Google invited Mohamed to attend its science fair, urging him to bring the clock along; when he arrived he "received a warm welcome, touring the booths and taking pictures with finalists". Twitter offered him a chance to intern with them. Retired Canadian astronaut Chris Hadfield invited Mohamed to his science show in Toronto.

According to Ahmed's father, the family was invited to the headquarters of the United Nations in New York City where, he said, United Nations officials wanted to meet his son.
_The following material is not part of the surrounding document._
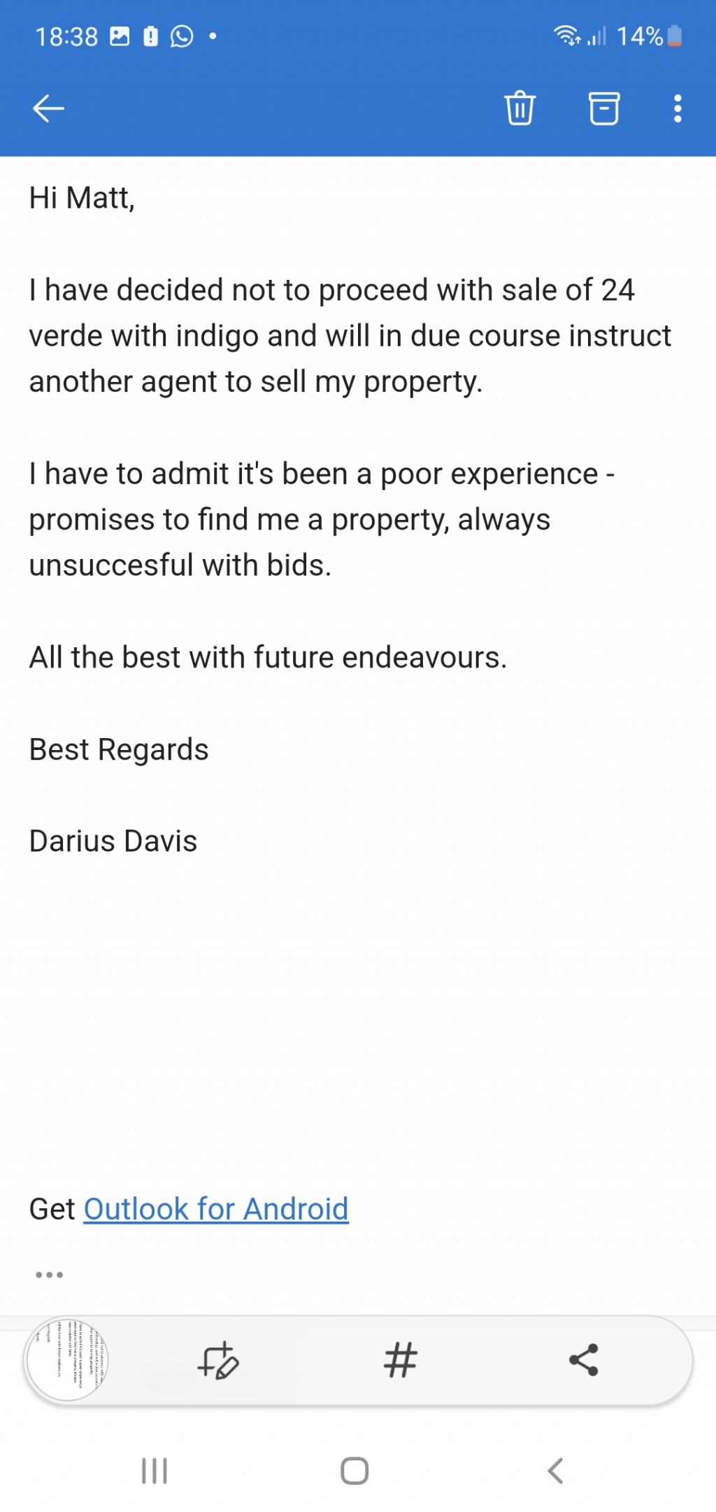 23 Dec 2024Can Estate Agents be Trustworthy, and do they know the market. Or are they only after their fees. I put to you the following, A house being marketed by Indigo Residental Estate agent in Ampthill at £550,000 (51 Elder Way Mk45 2HN.) Please see attached, that a Rics valuation was only recently done and values the property at £510,000 So what are Indigo doing placing such a figure on the property. £40,000 above valuation Is it to bump up there fees? What they don't say about this home. Are as follows. 51 Elder Way Ampthill. Mk45 2HN 1. The home is a Bpha shared ownership property which the sellers only own 40% But they will buy the other 60% to sell on to a buyer. ( To Avoid Stamp Duty) Thus stopping people who can't afford full asking price an opportunity to buy from Bpha, just so they can make a massive profit. As well as taking a shared ownership property off the market. 2. The house is in the middle of a social housing area, with a number of share ownership homes and rented social housing. 3. The Housing association is Bpha, and the buyers solicitor will have to deal with them as at any time could force the present owner to sell back to them there 40% at anytime prior to completion as they don't own 100% Plus this is a leasehold property at present. 4. The buyer mortgage could well be affected as the value is so much lower than the purchase price, therefor you could lose £1000's on fees and solicitors for nothing. Specialist solicitor will need to be appointed at extra cost. 5, The sellers have already lost 2 homes over the past 6 months. (They backed out.) But did not keep anyone informed. 6, The sellers refused a retention fee for one week, giving the intention they they were to leave unwanted items in the home. 7. You may be aware this property backs on the school, so the buyer should be aware of the school bell going off every hour. 8. There is also a farm school to the rear of the property, with chicken, pigs and sheep, as well as the smell which goes with this. (You should note what time chickens wake up, again I will state the smell is not to everyones taste.) 9., This home may look similar to others around but is far smaller as there is no loft room and the rear bedrooms do not extend over the kitchen. As well have reduced height due to the roof. 10. The front has been repainted, for some reason and thus this does not match the rest of the home and in the wet seems that it has not been done properly. ( This is only opinion) 11. There is stamp duty of 5% being £27,500. Payable on purchase. So if this is the home you are looking for, contact Mr Bradley Cooper, (Manager) Indego residential, Ampthill Who will be more that happy to show you round. As well as answer all your questions. So they can collect their fee. Remember they are not working for you, and it seems they don't care. Good luck in your home search All information is better than on information.

On September 25, 2015, Ahmed met with Turkish Prime Minister Ahmet Davutoğlu, who was in New York attending UN meetings. He was also invited to the Social Good Summit in New York City, and during his visit, he met with Mayor Bill de Blasio, City Comptroller Scott Stringer, Public Advocate Letitia James, and members of New York City Council on a visit arranged by the NYPD Muslim Officers Society.

On October 14, 2015, Ahmed and his father visited the presidential compound of Omar al-Bashir in Khartoum, Sudan. Ahmed's father, Mohamed Elhassan Mohamed, was a former political rival of Bashir, having run against him in the 2015 Sudanese general election. The meeting was reportedly cordial and Bashir expressed the hope that young Sudanese like Ahmed would help “write a new [chapter in] history for an advanced and developed Sudan”. At the time Omar al-Bashir was wanted by the International Criminal Court for war crimes in Darfur.

On October 19, 2015, Mohamed attended the White House Astronomy Night event on the South Lawn of the White House and met with President Obama. The President gave a speech to the audience in attendance at the event, saying: "We have to watch for and cultivate and encourage those glimmers of curiosity and possibility, not suppress them, not squelch them." After his speech, the President talked with Mohamed briefly and hugged him, in addition to looking through a telescope and being placed on a call with the crew of the International Space Station.

In late February 2016, the school district filed suit against the Texas Attorney General, in order to challenge an order that the school district release a copy of a letter sent by the U.S. Department of Justice to the school district while investigating the case. According to The Dallas Morning News, the letter had described allegations of "both harassment and the discipline of students on the basis of race, religion and national origin".

After the incident, MacArthur High School's 2015 valedictorian, then in college, wrote that MacArthur High School and the Irving Independent School District were very supportive of her and her beliefs as a Muslim, and that she did not experience any instances of religious discrimination or Islamophobia.

==Opinions==
=== Politicians ===

White House press briefing on incident

In a debate among 2016 Republican presidential candidates, Louisiana Governor Bobby Jindal said that he did not think that a 14-year-old should ever be arrested for bringing a clock to school but defended the police who were "worried about security and safety issues".

Twenty-nine members of the United States Congress, including Asian-American and Muslim members, sent a letter to the U.S. Attorney General at the Department of Justice requesting an investigation of "the civil rights violations that took place during the unjust arrest of Ahmed Mohamed". The letter said "Ahmed was denied his civil rights on numerous occasions as he was consistently refused his right to speak with his father. Texas Family Code clearly states 'a child may not be left unattended in a juvenile processing office and is entitled to be accompanied by the child's parent, guardian, or other custodian or by the child's attorney.' (Section 52.025)" The letter went on to say that reports about the incident suggested "that Ahmed Mohamed was systematically profiled based on his faith and ethnicity both by the Irving Police Department and MacArthur High School".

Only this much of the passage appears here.